* [ENTRIES SUPPLIED]

****************

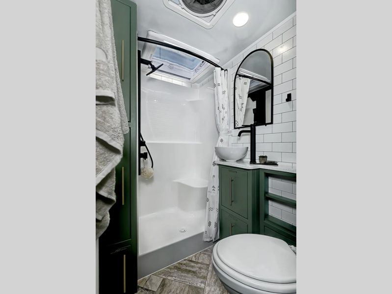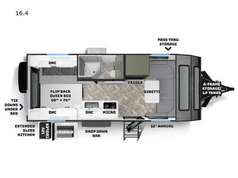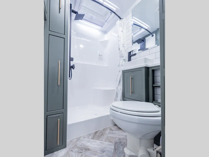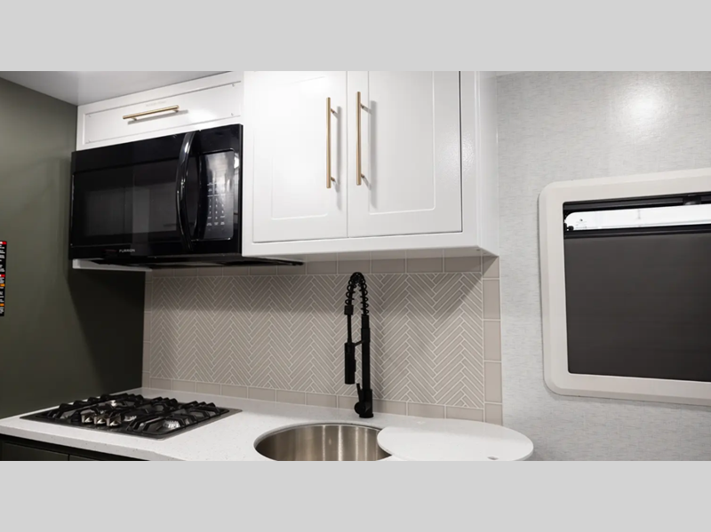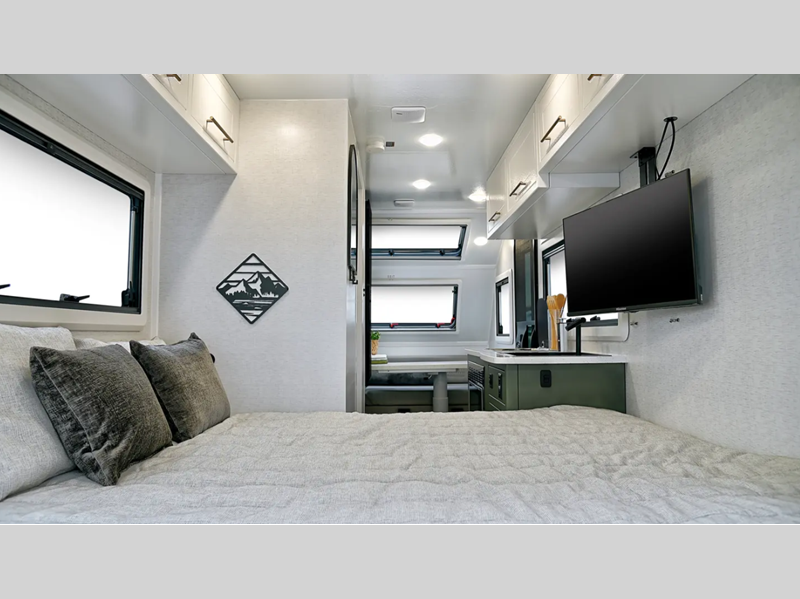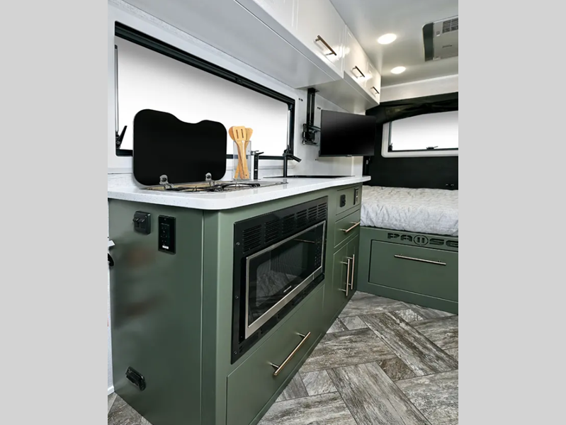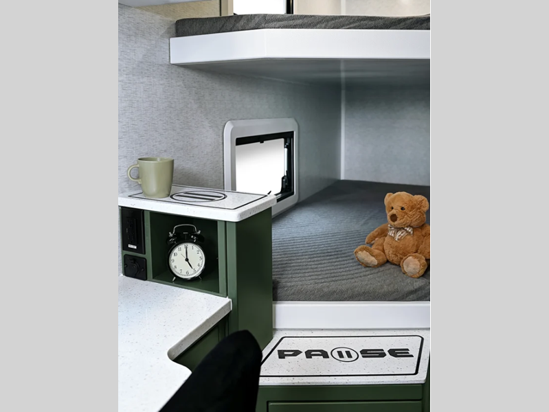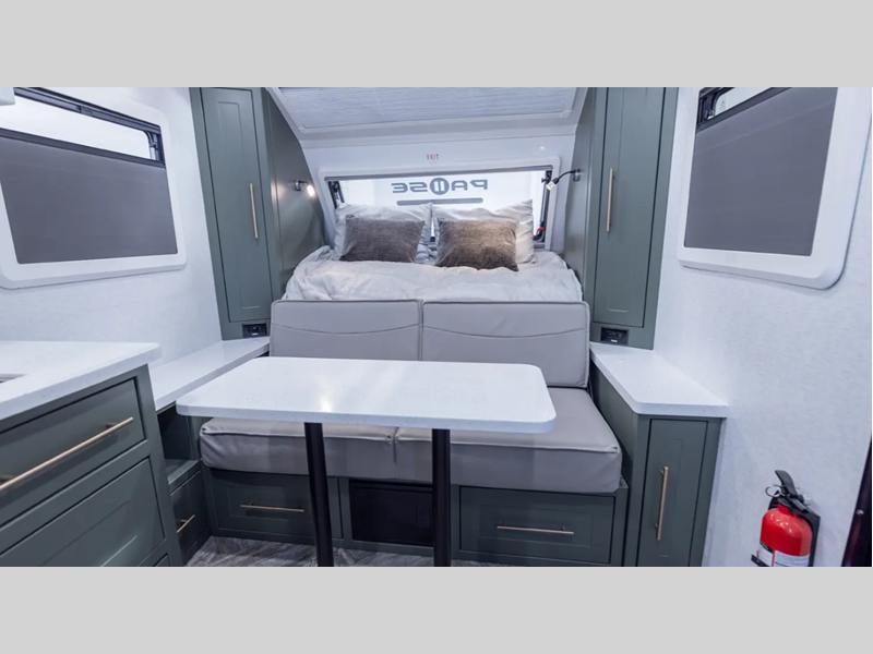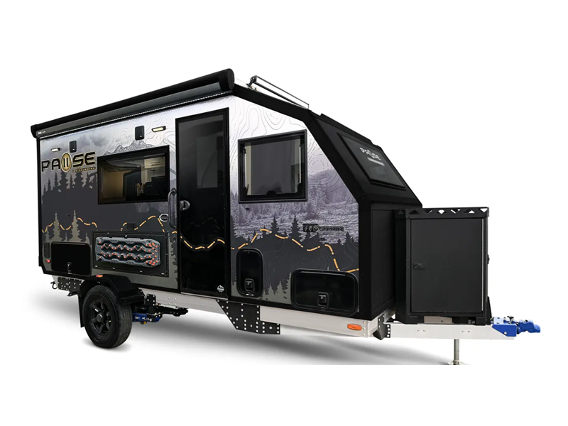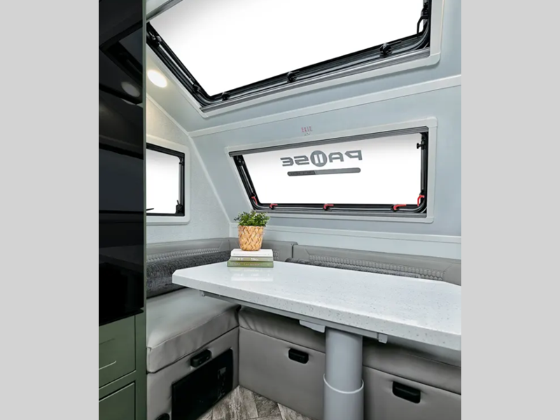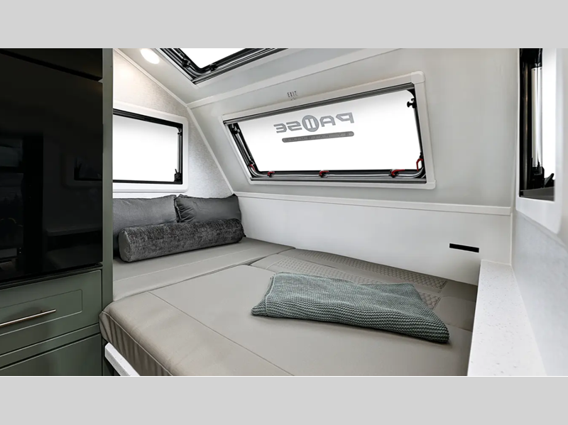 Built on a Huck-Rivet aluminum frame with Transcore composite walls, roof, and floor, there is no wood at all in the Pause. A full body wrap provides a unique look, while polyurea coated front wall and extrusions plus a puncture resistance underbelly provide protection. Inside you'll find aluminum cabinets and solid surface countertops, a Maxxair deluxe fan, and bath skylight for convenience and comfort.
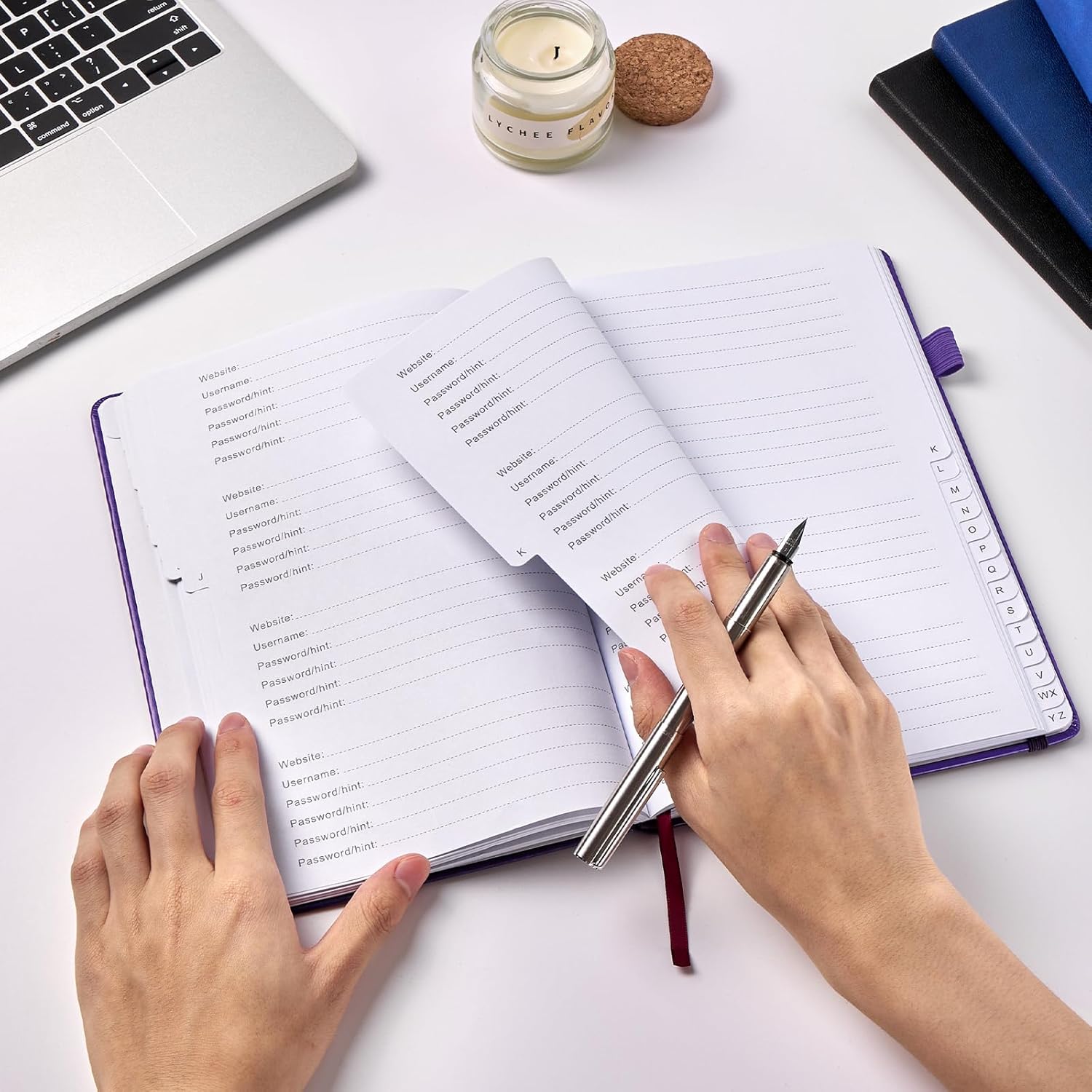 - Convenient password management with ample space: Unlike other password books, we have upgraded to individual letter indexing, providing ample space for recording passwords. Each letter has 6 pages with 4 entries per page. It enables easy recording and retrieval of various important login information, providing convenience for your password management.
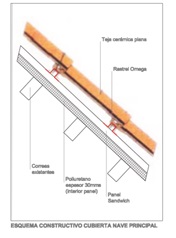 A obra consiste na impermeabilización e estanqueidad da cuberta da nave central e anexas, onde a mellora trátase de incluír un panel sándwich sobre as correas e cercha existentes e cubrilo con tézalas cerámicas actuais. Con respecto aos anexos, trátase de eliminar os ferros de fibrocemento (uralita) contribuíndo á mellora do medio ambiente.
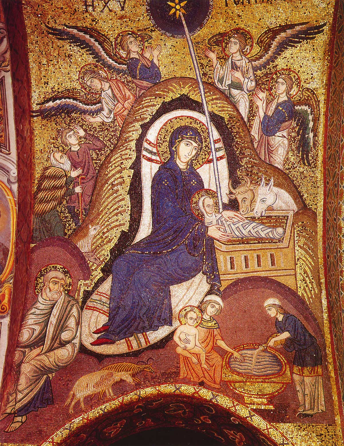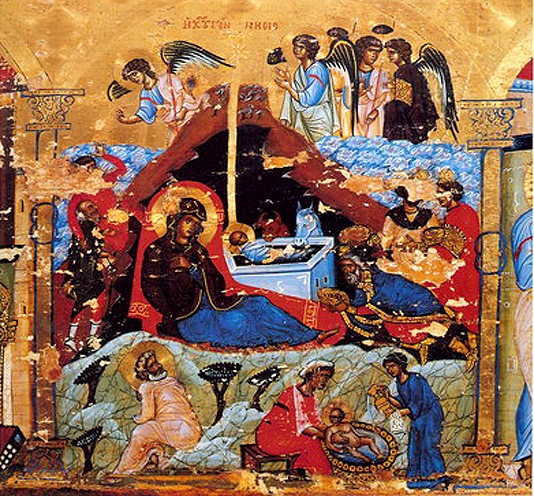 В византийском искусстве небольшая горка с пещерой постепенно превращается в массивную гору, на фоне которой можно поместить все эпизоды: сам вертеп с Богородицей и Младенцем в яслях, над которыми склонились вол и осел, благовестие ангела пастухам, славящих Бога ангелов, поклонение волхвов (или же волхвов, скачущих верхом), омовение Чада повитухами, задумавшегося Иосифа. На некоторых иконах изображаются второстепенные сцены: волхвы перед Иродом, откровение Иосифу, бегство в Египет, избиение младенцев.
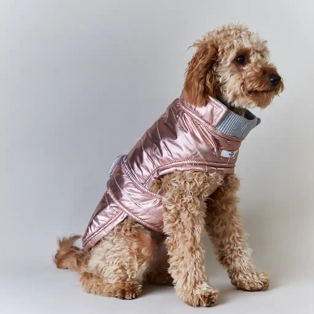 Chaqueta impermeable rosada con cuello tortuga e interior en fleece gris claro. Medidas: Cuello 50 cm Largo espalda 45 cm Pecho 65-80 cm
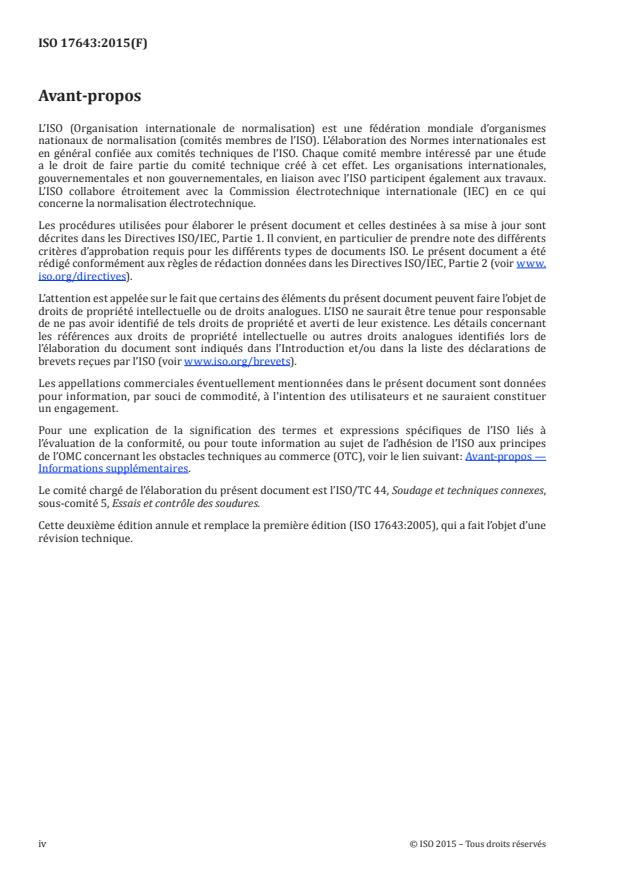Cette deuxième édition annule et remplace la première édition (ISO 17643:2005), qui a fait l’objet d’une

****************

* [ACTIVITY]
Everything in the entries above should be written out again exactly, except the images.

* [TASK SOLUTION]
 Built on a Huck-Rivet aluminum frame with Transcore composite walls, roof, and floor, there is no wood at all in the Pause. A full body wrap provides a unique look, while polyurea coated front wall and extrusions plus a puncture resistance underbelly provide protection. Inside you'll find aluminum cabinets and solid surface countertops, a Maxxair deluxe fan, and bath skylight for convenience and comfort.
 - Convenient password management with ample space: Unlike other password books, we have upgraded to individual letter indexing, providing ample space for recording passwords. Each letter has 6 pages with 4 entries per page. It enables easy recording and retrieval of various important login information, providing convenience for your password management.
 A obra consiste na impermeabilización e estanqueidad da cuberta da nave central e anexas, onde a mellora trátase de incluír un panel sándwich sobre as correas e cercha existentes e cubrilo con tézalas cerámicas actuais. Con respecto aos anexos, trátase de eliminar os ferros de fibrocemento (uralita) contribuíndo á mellora do medio ambiente.
 В византийском искусстве небольшая горка с пещерой постепенно превращается в массивную гору, на фоне которой можно поместить все эпизоды: сам вертеп с Богородицей и Младенцем в яслях, над которыми склонились вол и осел, благовестие ангела пастухам, славящих Бога ангелов, поклонение волхвов (или же волхвов, скачущих верхом), омовение Чада повитухами, задумавшегося Иосифа. На некоторых иконах изображаются второстепенные сцены: волхвы перед Иродом, откровение Иосифу, бегство в Египет, избиение младенцев.
 Chaqueta impermeable rosada con cuello tortuga e interior en fleece gris claro. Medidas: Cuello 50 cm Largo espalda 45 cm Pecho 65-80 cm
Cette deuxième édition annule et remplace la première édition (ISO 17643:2005), qui a fait l’objet d’une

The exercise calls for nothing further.